** PROVIDED ENTRIES follows **

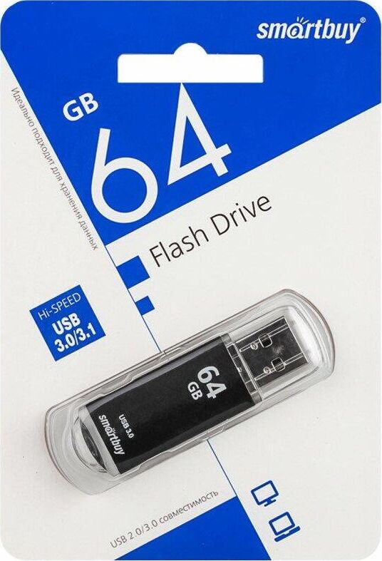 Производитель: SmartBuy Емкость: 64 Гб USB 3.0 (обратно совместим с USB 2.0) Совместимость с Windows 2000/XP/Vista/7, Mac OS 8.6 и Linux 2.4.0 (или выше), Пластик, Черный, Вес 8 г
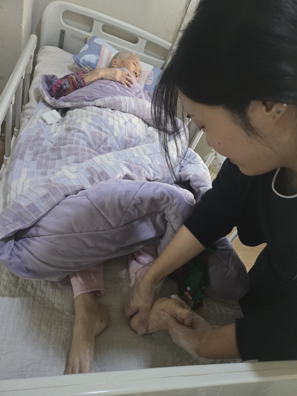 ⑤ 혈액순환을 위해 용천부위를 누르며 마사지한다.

** End of PROVIDED ENTRIES **
** PROVIDED ENTRIES follows **

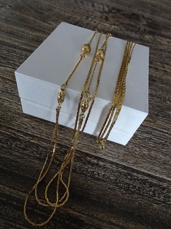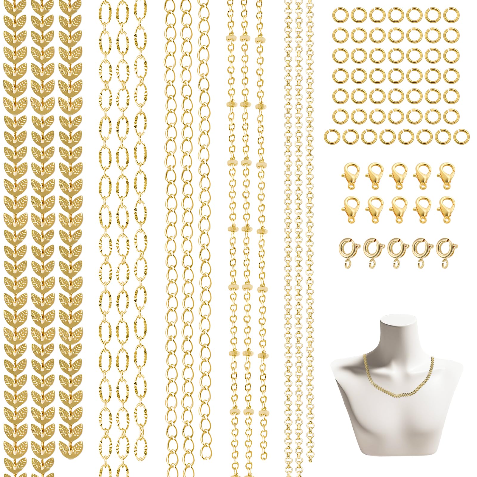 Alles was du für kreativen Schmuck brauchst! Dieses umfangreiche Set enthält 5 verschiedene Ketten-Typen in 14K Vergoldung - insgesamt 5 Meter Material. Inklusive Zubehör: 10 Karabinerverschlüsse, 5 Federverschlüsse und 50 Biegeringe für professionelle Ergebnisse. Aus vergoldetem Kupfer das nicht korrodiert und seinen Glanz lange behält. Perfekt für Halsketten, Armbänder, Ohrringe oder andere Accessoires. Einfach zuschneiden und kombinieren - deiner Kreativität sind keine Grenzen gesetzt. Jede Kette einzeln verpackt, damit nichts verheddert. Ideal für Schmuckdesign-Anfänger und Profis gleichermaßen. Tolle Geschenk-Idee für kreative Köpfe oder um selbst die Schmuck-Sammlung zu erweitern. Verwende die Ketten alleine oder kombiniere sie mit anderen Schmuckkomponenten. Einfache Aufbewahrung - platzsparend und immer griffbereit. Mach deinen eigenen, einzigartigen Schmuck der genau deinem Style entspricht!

** End of PROVIDED ENTRIES **

=== REQUIRED ACTION ===
Take the entries above and copy exactly the lines starting at the one with "Производитель: SmartBuy Емкость: 64" and ending at the one with "⑤ 혈액순환을 위해 용천부위를 누르며 마사지한다."; nothing outside that span, and no pictures.

=== SOLUTION FOR THIS EXERCISE ===
 Производитель: SmartBuy Емкость: 64 Гб USB 3.0 (обратно совместим с USB 2.0) Совместимость с Windows 2000/XP/Vista/7, Mac OS 8.6 и Linux 2.4.0 (или выше), Пластик, Черный, Вес 8 г
 ⑤ 혈액순환을 위해 용천부위를 누르며 마사지한다.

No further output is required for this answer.